Dataset excerpts:
****************

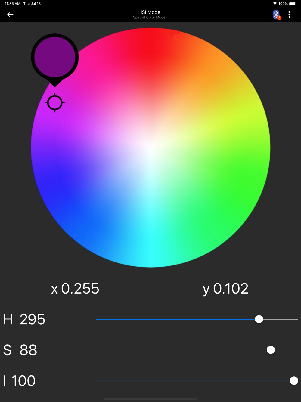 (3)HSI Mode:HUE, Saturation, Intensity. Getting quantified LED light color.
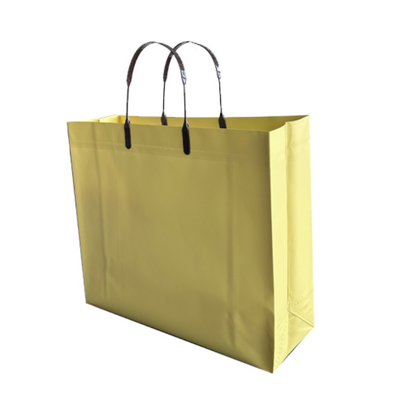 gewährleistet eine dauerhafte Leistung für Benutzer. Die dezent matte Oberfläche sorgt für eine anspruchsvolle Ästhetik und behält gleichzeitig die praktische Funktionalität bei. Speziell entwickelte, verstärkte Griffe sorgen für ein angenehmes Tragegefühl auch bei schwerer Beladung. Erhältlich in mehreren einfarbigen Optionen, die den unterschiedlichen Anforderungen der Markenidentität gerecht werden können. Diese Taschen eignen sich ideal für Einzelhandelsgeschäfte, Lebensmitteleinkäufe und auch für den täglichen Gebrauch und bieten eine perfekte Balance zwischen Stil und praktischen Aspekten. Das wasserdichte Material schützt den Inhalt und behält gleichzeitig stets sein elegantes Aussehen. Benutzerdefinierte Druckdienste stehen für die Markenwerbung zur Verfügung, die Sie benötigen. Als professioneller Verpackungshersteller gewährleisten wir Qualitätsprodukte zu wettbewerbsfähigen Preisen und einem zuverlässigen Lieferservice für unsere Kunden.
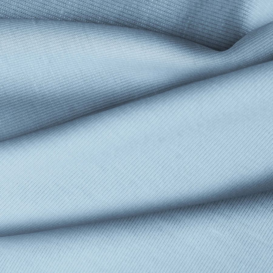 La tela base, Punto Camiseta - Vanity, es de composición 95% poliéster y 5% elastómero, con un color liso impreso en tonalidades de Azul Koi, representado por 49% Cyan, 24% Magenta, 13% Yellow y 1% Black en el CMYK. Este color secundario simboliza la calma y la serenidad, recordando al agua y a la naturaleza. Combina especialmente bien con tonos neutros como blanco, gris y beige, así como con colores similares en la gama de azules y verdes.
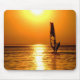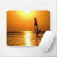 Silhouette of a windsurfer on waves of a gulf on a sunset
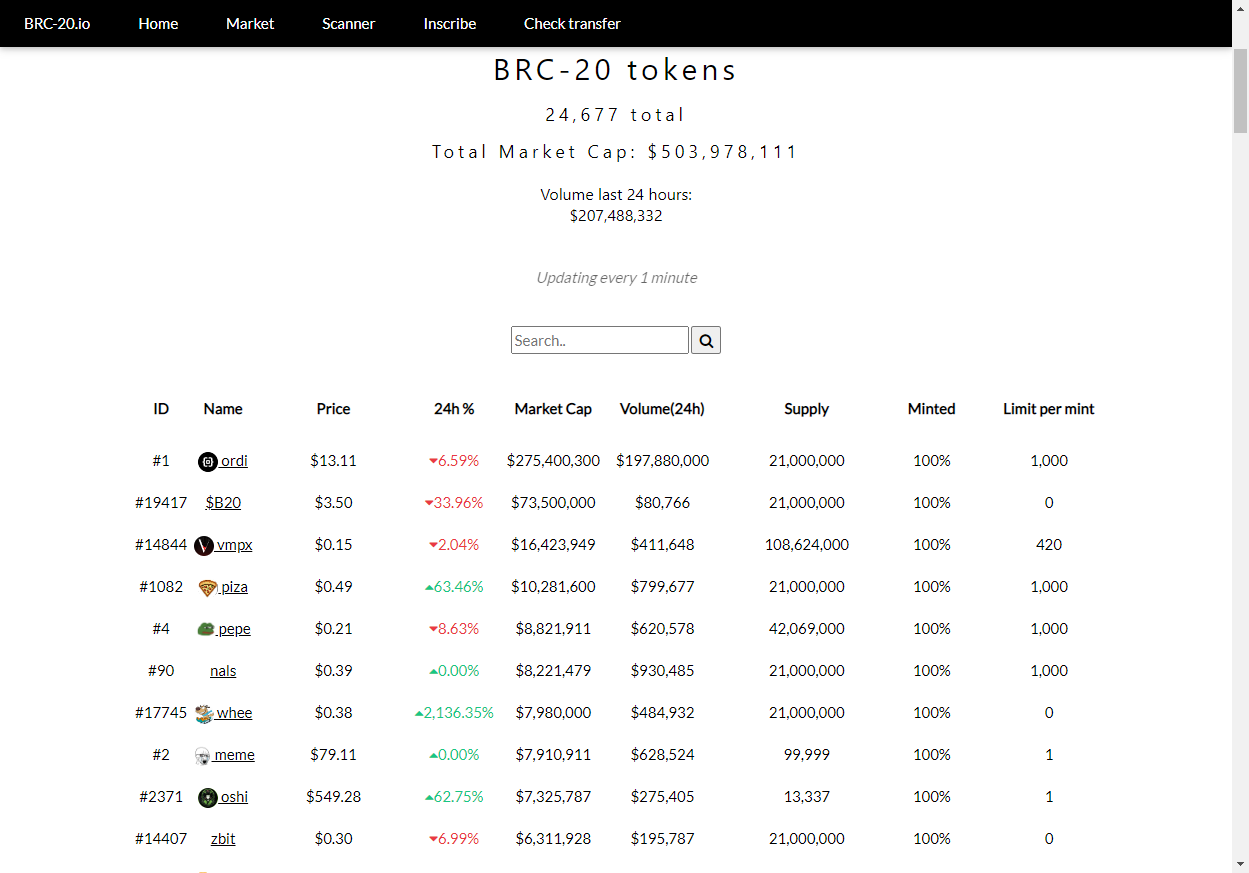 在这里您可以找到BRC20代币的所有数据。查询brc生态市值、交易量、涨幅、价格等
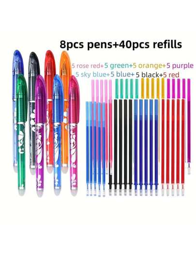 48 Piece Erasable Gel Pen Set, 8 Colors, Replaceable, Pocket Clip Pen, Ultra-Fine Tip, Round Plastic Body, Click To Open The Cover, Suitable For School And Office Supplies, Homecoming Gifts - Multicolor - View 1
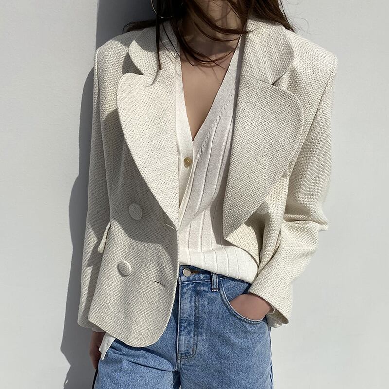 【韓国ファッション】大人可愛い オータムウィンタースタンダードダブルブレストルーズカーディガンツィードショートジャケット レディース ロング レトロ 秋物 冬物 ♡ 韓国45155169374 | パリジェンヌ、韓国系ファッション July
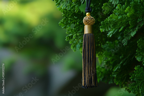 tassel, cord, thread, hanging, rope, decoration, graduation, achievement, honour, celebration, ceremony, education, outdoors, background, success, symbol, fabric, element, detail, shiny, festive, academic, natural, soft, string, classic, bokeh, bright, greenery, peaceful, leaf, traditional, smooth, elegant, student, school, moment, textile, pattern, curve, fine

****************

### Task requirements
Word for word, return the entries above, but without any pictures.

### Result of the exercise
 (3)HSI Mode:HUE, Saturation, Intensity. Getting quantified LED light color.
 gewährleistet eine dauerhafte Leistung für Benutzer. Die dezent matte Oberfläche sorgt für eine anspruchsvolle Ästhetik und behält gleichzeitig die praktische Funktionalität bei. Speziell entwickelte, verstärkte Griffe sorgen für ein angenehmes Tragegefühl auch bei schwerer Beladung. Erhältlich in mehreren einfarbigen Optionen, die den unterschiedlichen Anforderungen der Markenidentität gerecht werden können. Diese Taschen eignen sich ideal für Einzelhandelsgeschäfte, Lebensmitteleinkäufe und auch für den täglichen Gebrauch und bieten eine perfekte Balance zwischen Stil und praktischen Aspekten. Das wasserdichte Material schützt den Inhalt und behält gleichzeitig stets sein elegantes Aussehen. Benutzerdefinierte Druckdienste stehen für die Markenwerbung zur Verfügung, die Sie benötigen. Als professioneller Verpackungshersteller gewährleisten wir Qualitätsprodukte zu wettbewerbsfähigen Preisen und einem zuverlässigen Lieferservice für unsere Kunden.
 La tela base, Punto Camiseta - Vanity, es de composición 95% poliéster y 5% elastómero, con un color liso impreso en tonalidades de Azul Koi, representado por 49% Cyan, 24% Magenta, 13% Yellow y 1% Black en el CMYK. Este color secundario simboliza la calma y la serenidad, recordando al agua y a la naturaleza. Combina especialmente bien con tonos neutros como blanco, gris y beige, así como con colores similares en la gama de azules y verdes.
 Silhouette of a windsurfer on waves of a gulf on a sunset
 在这里您可以找到BRC20代币的所有数据。查询brc生态市值、交易量、涨幅、价格等
 48 Piece Erasable Gel Pen Set, 8 Colors, Replaceable, Pocket Clip Pen, Ultra-Fine Tip, Round Plastic Body, Click To Open The Cover, Suitable For School And Office Supplies, Homecoming Gifts - Multicolor - View 1
 【韓国ファッション】大人可愛い オータムウィンタースタンダードダブルブレストルーズカーディガンツィードショートジャケット レディース ロング レトロ 秋物 冬物 ♡ 韓国45155169374 | パリジェンヌ、韓国系ファッション July
 tassel, cord, thread, hanging, rope, decoration, graduation, achievement, honour, celebration, ceremony, education, outdoors, background, success, symbol, fabric, element, detail, shiny, festive, academic, natural, soft, string, classic, bokeh, bright, greenery, peaceful, leaf, traditional, smooth, elegant, student, school, moment, textile, pattern, curve, fine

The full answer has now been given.